例えどんなに横の快が視線を美音に向けていても。
 そして、1時間目終了のチャイムが鳴り、講堂でも休憩時間がとられた。
「……はぁ」
無意識に吐き出された美音のため息に、ずっと隣で間を見ていた快は喜々として声を出した。
「今日はやけにため息ついてますね」
その台詞に何とはなしに顔を向けて美音は答える。
「そお?そんなに出てた?」
「はい、珍しく。どうしたんですか?」
「うーん……」
その二人の様子を、亮太と丈斗は少々訝しげな表情で窺っていた。
「どこかしんどいんすか?」
「うーん、しんどいと言えば、しんどいかなぁ?」
何かを考えるように言った美音に、快はぱっと笑顔で言う。
「もしかして俺に恋わずらいだったりして」
それを聞いて目を思わずぱちくりさせた美音の視界の向こうには、「あいた〜」と額に手をあて俯く丈斗と何とも言えない表情で天を見遣る亮太がいた。
「あはは、何言ってんだか」
笑いながら快の腕をぺしと叩いて言った美音だった。
快はぎこちない表情を向こうに向けると、気を取り直してまた笑顔で美音に言う。
「元気がなかったみたいで心配、してたんすけど」
「うん?そうなの? 別になんともないよ」
「あ、それは良かったです。

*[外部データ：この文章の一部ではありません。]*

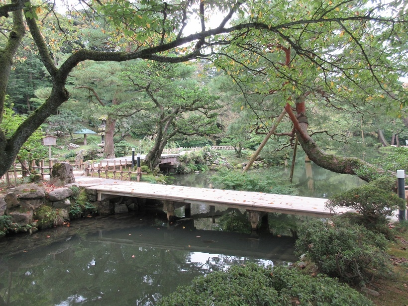 金沢兼六園の中、夕顔亭にほど近い瓢池にかかる小さな木の橋です。すれ違うことも出来ないような幅の狭い橋ですが、それがかえって隠れ家に向かうようなわくわく感を掻き立ててくれました。汐見とは言いますが、海までは遠くて今は見ることは出来ません。

じゃあ今度遊びに行きません?」
その台詞を聞いてぎょっとしたのは丈斗。亮太はため息をついている。
美音は又目をぱちくりとさせると視線を逸らして、すぐ笑顔になり言う。
「テストがあるのに何言ってんの」
「や、テスト終わってからです……!」
薫は呆れた顔で快を眺めている。
美音は目線を快の方から外し前方を眺めて口を開く。
「んー、春休みに皆でどっか行くのもいいかもね。最後の思い出作りに」
にこり。と笑顔で最後の言葉を綴った美音に、快は無理矢理笑顔を向ける事以外出来はしなかった。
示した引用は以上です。